Abstract A breakthrough patent-pending pressure diagnostic technique using offset sealed wellbores as monitoring sources was introduced at the 2020 Hydraulic Fracturing Technology Conference. This technique quantifies various hydraulic fracture parameters using only a surface gauge mounted on the sealed wellbore(s). The initial concept, operational processes, and analysis techniques were developed and deployed by Devon Energy. By scaling and automating the process, Sealed Wellbore Pressure Monitoring (SWPM) is now available to the industry as a repeatable workflow that greatly reduces analysis time and improves visualizations to aid data interpretations. The authors successfully automated the SWPM analysis procedure using a cloud-based software platform designed to ingest, process, and analyze high-frequency hydraulic fracturing data. The minimum data for the analysis consists of the standard frac treatment data combined with the high-resolution pressure gauge data for each sealed wellbore. The team developed machine learning algorithms to identify the key events required by a sealed wellbore pressure analysis: the start, end, and magnitude of each pressure response detected in the sealed wellbore(s) while actively fracturing offset wells. The result is a rapid, repeatable SWPM analysis that minimizes individual interpretation biases. The primary deliverables from SWPM analyses are the Volumes to First Response (VFR) on a per stage basis.
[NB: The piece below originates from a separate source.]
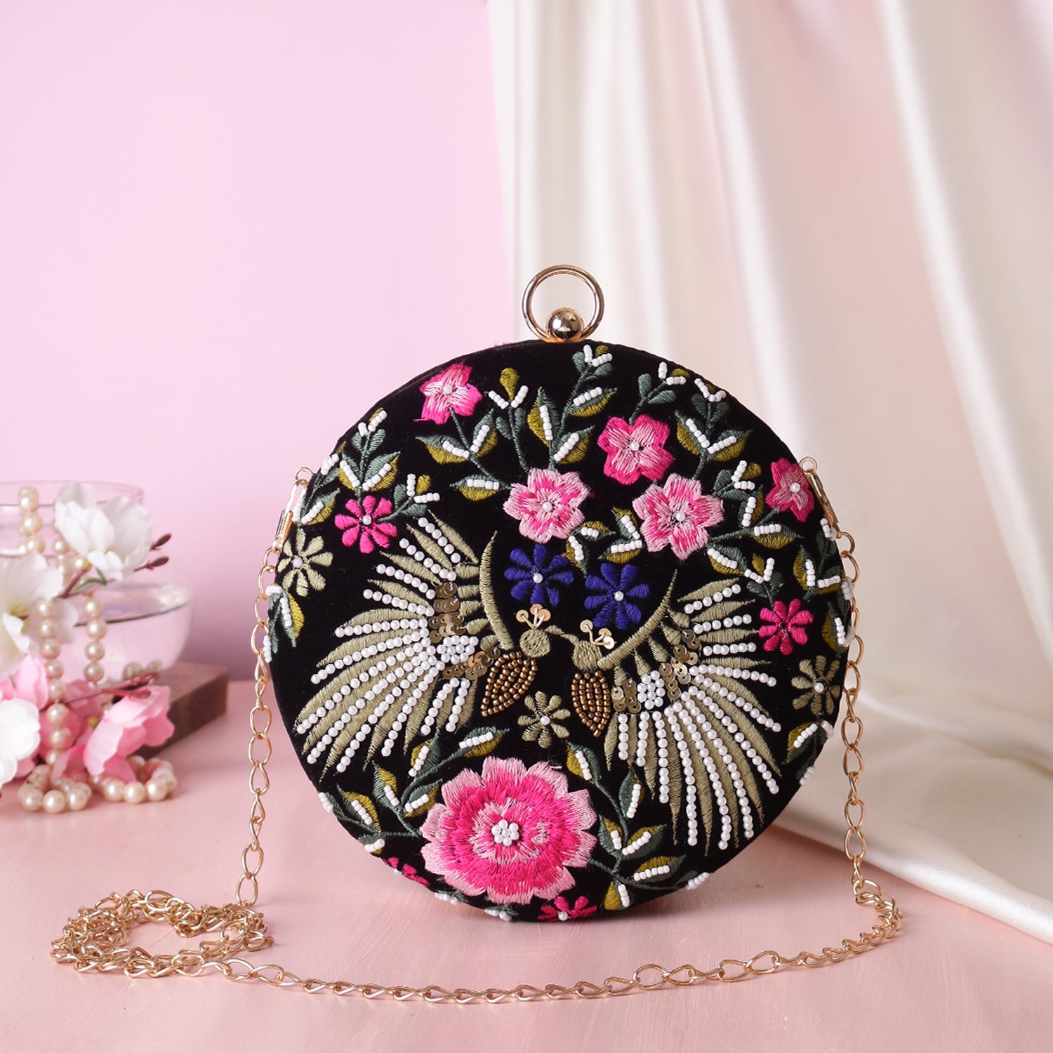 sparrow design embroidery round clutch

In many projects, multiple pressure responses within a single stage have been observed, which provides valuable insight into fracture network complexity and cluster/stage efficiency. Various methods are used to visualize and statistically analyze the data. A scalable process facilitates creating a statistical database for comparing completion designs that can be segmented by play, formation, or other geological variations. Completion designs can then be optimized based upon the observed well responses. With enough observations and based on certain spacings, probabilities of when to expect fracture interactions could be assigned for different plays.